HDSC Winter’23 Premiere Project
A Project by Team ARIMA
Introduction
A high-risk pregnancy poses a serious threat to the health of the mother and her unborn child, often necessitating specialized medical attention. Some pregnancies become high-risk as they progress, while others involve increased risk factors even before conception. Early and consistent prenatal care can greatly improve the chances of a healthy pregnancy and delivery. However, a shortage of medical experts, exacerbated by population growth, particularly in developing countries like India, leaves many lower or middle-income women without proper healthcare or awareness about potential pregnancy complications, especially in rural areas. Additionally, the fear of unnecessary and costly medical tests prescribed by doctors further compounds these issues.
Aims and Objectives
The project’s goal is to create a machine learning model and a web application for predicting the risk level in pregnant patients. The dataset includes various factors impacting patient health, and the objective is to classify patients into low, medium, or high-risk categories for pregnancy complications. This will be accomplished by training the machine learning model using historical patient records that incorporate diverse features.
Methodology
This flowchart provides a comprehensive overview of the entire machine learning project lifecycle. It begins with data collection and cleaning, progresses through model training and evaluation, and concludes with model deployment.
flowchart showing the whole process of ML project
Step1: Data Description
An open-source data obtained from Kaggle was used, it can be accessed via the link below:
https://www.kaggle.com/datasets/csafrit2/maternal-health-risk-data?resource=dow nload
Data has been collected from different hospitals, community clinics, maternal health cares through the IoT based risk monitoring system.
- Age: Age in years when a woman is pregnant.
- SystolicBP: Upper value of Blood Pressure in mmHg, another significant attribute during pregnancy.
- DiastolicBP: Lower value of Blood Pressure in mmHg, another significant attribute during pregnancy.
- BS: Blood glucose levels are in terms of a molar concentration, mmol/L.
- HeartRate: A normal resting heart rate in beats per minute.
- Risk Level: Predicted Risk Intensity Level during pregnancy considering the previous attribute.
Step2: Data Pre-processing
- The dataset has 1014 rows and 7 columns of data entries.
- There are no missing values in the data.
- Number of rows with duplicates is 562.
- Most of the columns are numeric.
- Converted column RiskLevel with string data type to numeric data type to make them fit for analysis and modelling.
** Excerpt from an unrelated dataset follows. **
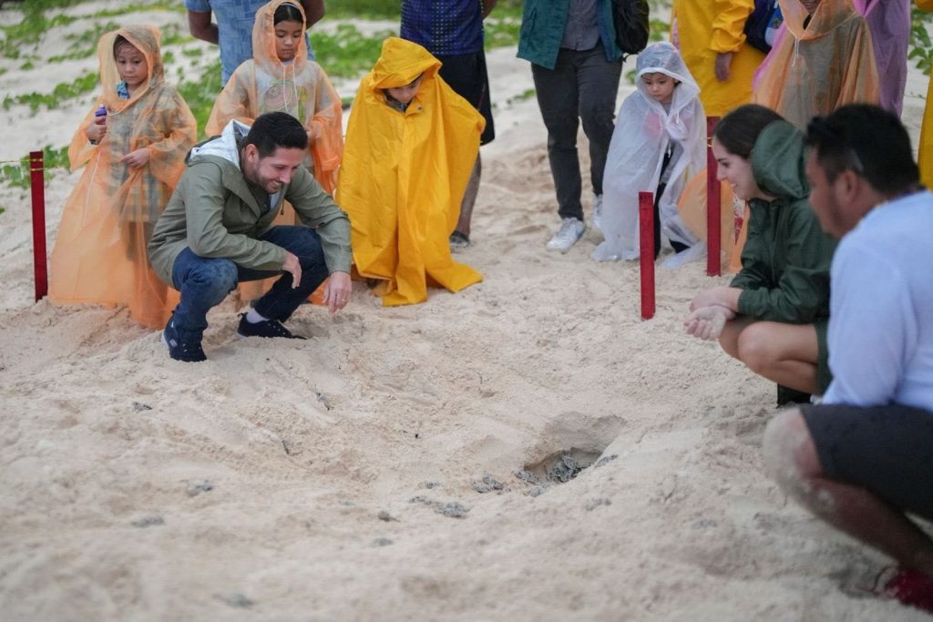 El presidente del Congreso del Estado y líder del Partido Verde en Quintana Roo, Renán Sánchez Tajonar, junto a su esposa Vale, visitó el Campamento Tortuguero San Martín en la zona oriente de Cozumel, donde participó en la liberación de crías de tortuga marina, reafirmando su compromiso con la conservación ambiental y la educación ecológica en la isla.

- To get familiar with the dataset, we used describe() function and gathered some information which is mentioned below:
- The youngest reported patient in the dataset is 10 years.
- The oldest patient in the dataset is 70 years of age.
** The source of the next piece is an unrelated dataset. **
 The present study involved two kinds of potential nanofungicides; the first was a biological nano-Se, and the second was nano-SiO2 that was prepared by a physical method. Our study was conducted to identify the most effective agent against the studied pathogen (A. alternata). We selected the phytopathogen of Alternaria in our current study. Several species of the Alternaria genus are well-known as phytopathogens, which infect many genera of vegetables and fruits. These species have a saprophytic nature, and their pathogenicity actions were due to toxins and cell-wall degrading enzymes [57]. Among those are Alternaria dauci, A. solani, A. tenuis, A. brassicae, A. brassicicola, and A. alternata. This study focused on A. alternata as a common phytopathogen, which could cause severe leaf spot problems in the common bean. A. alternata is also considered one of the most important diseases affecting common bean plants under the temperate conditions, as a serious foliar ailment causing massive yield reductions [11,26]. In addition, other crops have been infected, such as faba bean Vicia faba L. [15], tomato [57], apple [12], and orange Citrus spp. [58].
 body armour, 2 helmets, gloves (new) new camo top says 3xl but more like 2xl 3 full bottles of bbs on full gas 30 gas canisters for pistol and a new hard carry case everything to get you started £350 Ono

- The highest reported blood sugar level in the dataset is 19mm0l/L.
- The lowest Diastolic blood pressure in the dataset is 49mmHg.
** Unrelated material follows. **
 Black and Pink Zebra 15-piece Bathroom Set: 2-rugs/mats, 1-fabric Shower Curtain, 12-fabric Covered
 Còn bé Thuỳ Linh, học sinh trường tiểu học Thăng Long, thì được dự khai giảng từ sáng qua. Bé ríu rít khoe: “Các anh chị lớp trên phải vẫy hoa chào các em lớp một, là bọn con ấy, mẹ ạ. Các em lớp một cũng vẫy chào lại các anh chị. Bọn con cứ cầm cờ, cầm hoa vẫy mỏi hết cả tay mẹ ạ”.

- The lowest reported heart rate in the dataset is 7 beats/min.
- The average systolic blood pressure in the dataset is about 113mmHg.
Step3: Exploratory Data Analysis
We did some data analysis including Univariate and Bivariate analysis to understand our data better and here it is shown below:
- Distribution of Target Variable (Risk Levels)
0.0→ Low-Risk Level1 1.0→Medium Risk Level 2.0→High Risk Level
- Distribution of Age VS Risk Levels
This plot shows that with increase in age, risk level increases.
- Distribution of Heart Rate with Risk Levels
This plot shows the distribution of heart rate with risk level.
- Correlation Plot between features
We created a correlation plot to examine the relationships between various features. The analysis revealed that body temperature features exhibit strong negative correlations with all other dataset features. On the other hand, systolic BP and diastolic BP features have a weak negative correlation solely with the heart rate feature, while the remaining dataset features display positive correlations. Notably, there is a significant positive correlation between systolic BP and diastolic BP features, which is relevant to the classification problem at hand.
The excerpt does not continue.